Julia Foster (born 2 August 1943) is an English stage, screen, and television actress.

Life and career
Foster was born in Lewes, Sussex. Her first husband was Lionel Morton, once the lead singer with the 1960s pop band The Four Pennies. She is the mother of television celebrity Ben Fogle with her second husband, veterinarian Bruce Fogle. Foster also built up her own antique furniture business.

Foster's credits include the films The Loneliness of the Long Distance Runner (1962), The System (1964) with Oliver Reed, The Bargee (1964) with Harry H. Corbett, Alfie (1966) with Michael Caine, Half a Sixpence (1967) with Tommy Steele, and Percy (1971) with Hywel Bennett.

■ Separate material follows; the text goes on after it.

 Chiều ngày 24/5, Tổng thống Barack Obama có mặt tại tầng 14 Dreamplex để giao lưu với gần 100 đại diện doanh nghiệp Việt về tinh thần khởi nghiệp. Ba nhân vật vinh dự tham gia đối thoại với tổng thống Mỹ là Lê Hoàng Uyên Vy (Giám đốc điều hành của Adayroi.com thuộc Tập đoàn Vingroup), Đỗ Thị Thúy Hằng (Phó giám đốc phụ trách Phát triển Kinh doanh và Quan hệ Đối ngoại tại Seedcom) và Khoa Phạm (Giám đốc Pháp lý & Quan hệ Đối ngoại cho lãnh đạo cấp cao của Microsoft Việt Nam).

On television, in 1969, she appeared in the second episode of series 1 of the Doctor in the House for London Weekend Television. She also starred as the eponymous heroine in the BBC production of Moll Flanders (1975) and also appeared alongside John Stride in the Yorkshire Television series Wilde Alliance in 1978. Additionally, she appeared with Michael Winner in a British TV advert for Esure car insurance.

She played Queen Margaret of Anjou in the BBC Television Shakespeare adaptations of Henry VI, Part 1, Henry VI, Part 2, and The Tragedy of Richard III, which received its UK broadcast in January 1983.

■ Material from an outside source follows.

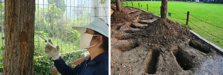 硫酸亞鐵注射法:可以采用注射器將0.3%~1%的硫酸亞鐵溶液快速注射于樹干內(nèi),然后將輸液瓶掛在樹上,讓樹體慢慢吸收,該方法見效快,在3天抹不開即可見效。硫酸亞鐵基施法:在每株成齡大樹用2~2.5千克硫酸亞鐵噴灑在50~100千克有機肥中,經(jīng)過充分拌勻后,沿樹冠外圍挖8~10個小穴,施入拌有硫酸亞鐵的有機肥,然后覆土。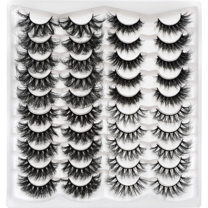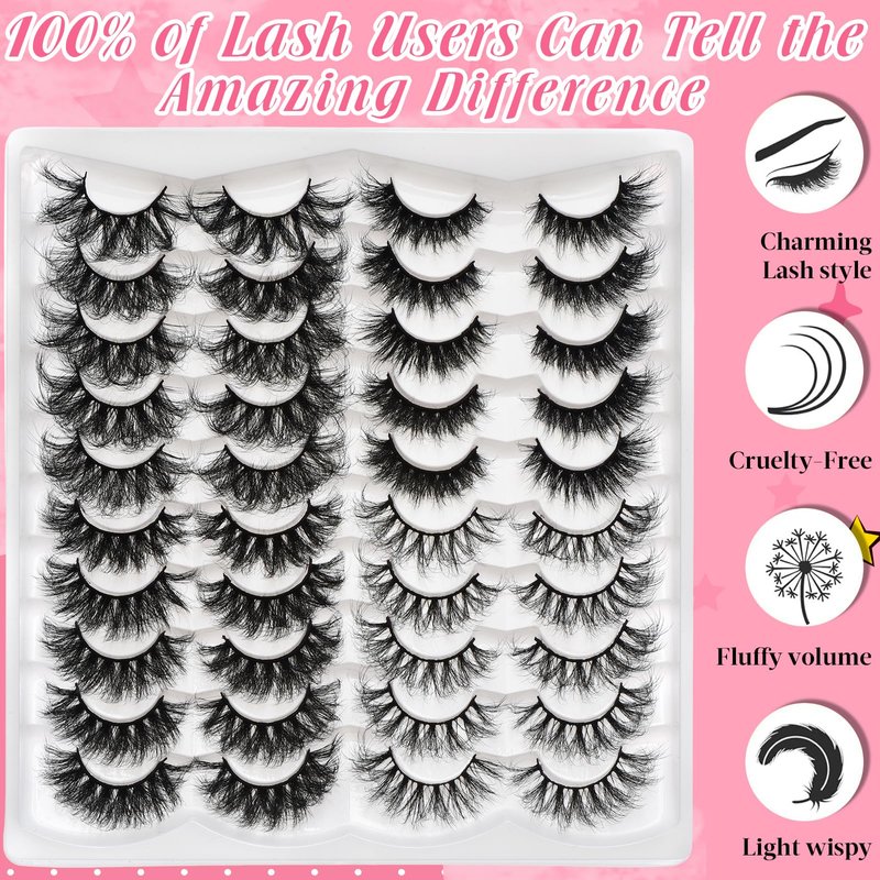 Fluffy Lashes 4 Styles 22MM-25MM 3D False Eyelashes 20 Pairs Full Wispy Lashes 25 MM Long Volume Curly Fake Eyelashes Reusable Dramatic Thick Faux Mink Lashes Multipack Wholesale Pack, by Yaiseiko

After her stage debut with the Brighton Repertory Theatre, Foster made her London debut in Travelling Light in 1965 at the Prince of Wales Theatre; she has since appeared in several London stage productions, including at The Globe Theatre, Lyric Theatre (Hammersmith), Queens Theatre, Criterion Theatre, King's Head Theatre, Royal Court Theatre, Apollo Theatre, New End Theatre, also in the UK at the Nottingham Playhouse, New Theatre, Oxford, Birmingham Repertory Company, and the Citizens Theatre, Glasgow.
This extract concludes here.